Copy all the data exactly, except the pictures.

_Data_:
* * *

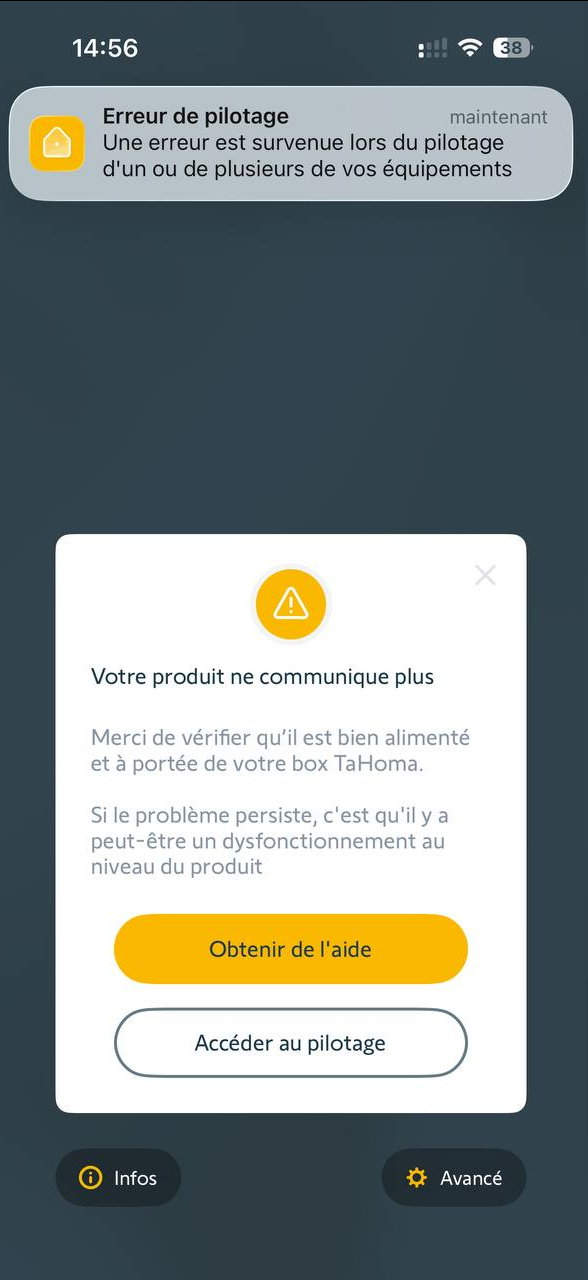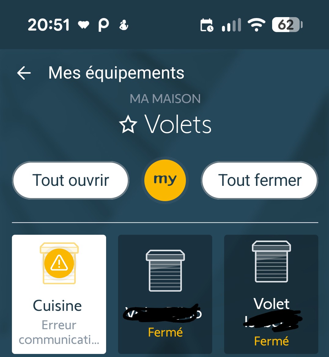 Depuis le 22/01 au soir mon application Tahoma indique une erreur de communication sur mes 7 volets Somfy IO.
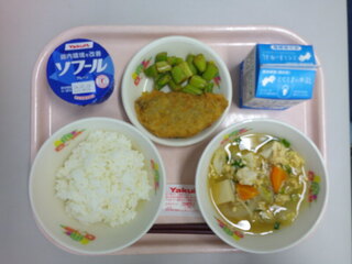 ごはん♪ぼうぜフライ♪アスパラのごまじょうゆ和え♪かきたま汁♪牛乳♪
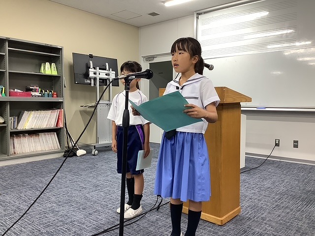 副校長先生のお話をお聞きした後、学年の代表児童から、1学期にがんばったことについての発表がありました。

* * *

_Written solution_:
 Depuis le 22/01 au soir mon application Tahoma indique une erreur de communication sur mes 7 volets Somfy IO.
 ごはん♪ぼうぜフライ♪アスパラのごまじょうゆ和え♪かきたま汁♪牛乳♪
 副校長先生のお話をお聞きした後、学年の代表児童から、1学期にがんばったことについての発表がありました。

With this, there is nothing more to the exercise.